◆ DATA PROVIDED:
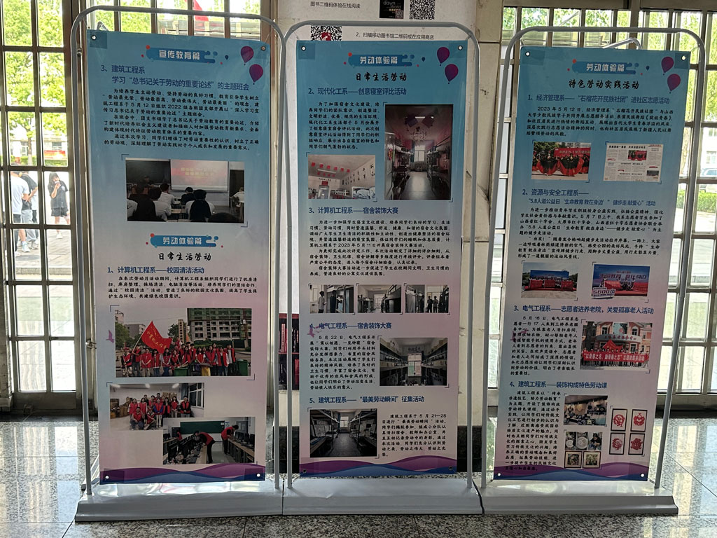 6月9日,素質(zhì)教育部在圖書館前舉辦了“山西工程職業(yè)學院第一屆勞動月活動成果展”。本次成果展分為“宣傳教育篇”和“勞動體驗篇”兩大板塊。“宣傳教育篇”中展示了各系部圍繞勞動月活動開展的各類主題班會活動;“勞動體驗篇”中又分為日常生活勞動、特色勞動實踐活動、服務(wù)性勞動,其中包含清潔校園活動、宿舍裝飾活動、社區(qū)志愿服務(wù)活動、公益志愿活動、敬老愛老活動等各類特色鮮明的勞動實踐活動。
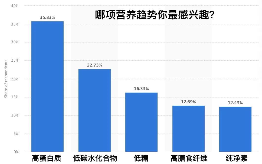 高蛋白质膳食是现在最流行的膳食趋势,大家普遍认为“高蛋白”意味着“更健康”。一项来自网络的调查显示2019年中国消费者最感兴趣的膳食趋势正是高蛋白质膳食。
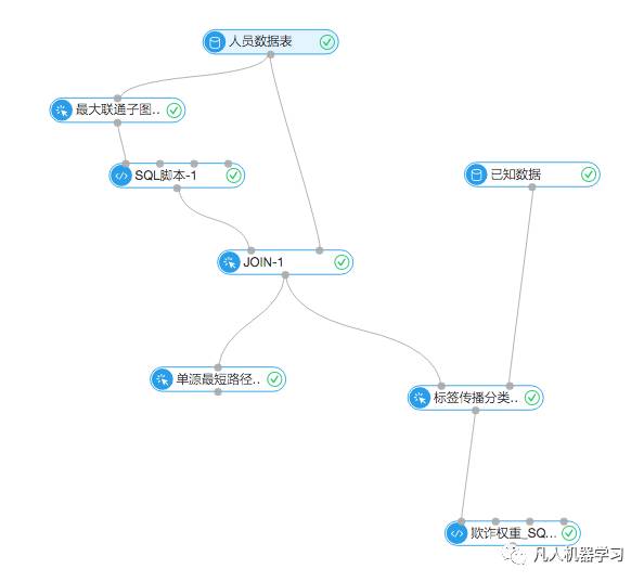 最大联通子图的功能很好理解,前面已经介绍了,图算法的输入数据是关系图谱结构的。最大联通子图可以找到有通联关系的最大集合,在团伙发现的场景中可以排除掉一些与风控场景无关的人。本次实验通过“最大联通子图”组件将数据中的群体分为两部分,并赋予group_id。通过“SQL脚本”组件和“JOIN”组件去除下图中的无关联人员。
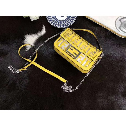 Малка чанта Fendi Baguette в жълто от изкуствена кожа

◆ TASK OBJECTIVE: Retype the whole listing, keeping every line identical and omitting all pictures.

◆ TASK RESULT:
 6月9日,素質(zhì)教育部在圖書館前舉辦了“山西工程職業(yè)學院第一屆勞動月活動成果展”。本次成果展分為“宣傳教育篇”和“勞動體驗篇”兩大板塊。“宣傳教育篇”中展示了各系部圍繞勞動月活動開展的各類主題班會活動;“勞動體驗篇”中又分為日常生活勞動、特色勞動實踐活動、服務(wù)性勞動,其中包含清潔校園活動、宿舍裝飾活動、社區(qū)志愿服務(wù)活動、公益志愿活動、敬老愛老活動等各類特色鮮明的勞動實踐活動。
 高蛋白质膳食是现在最流行的膳食趋势,大家普遍认为“高蛋白”意味着“更健康”。一项来自网络的调查显示2019年中国消费者最感兴趣的膳食趋势正是高蛋白质膳食。
 最大联通子图的功能很好理解,前面已经介绍了,图算法的输入数据是关系图谱结构的。最大联通子图可以找到有通联关系的最大集合,在团伙发现的场景中可以排除掉一些与风控场景无关的人。本次实验通过“最大联通子图”组件将数据中的群体分为两部分,并赋予group_id。通过“SQL脚本”组件和“JOIN”组件去除下图中的无关联人员。
 Малка чанта Fendi Baguette в жълто от изкуствена кожа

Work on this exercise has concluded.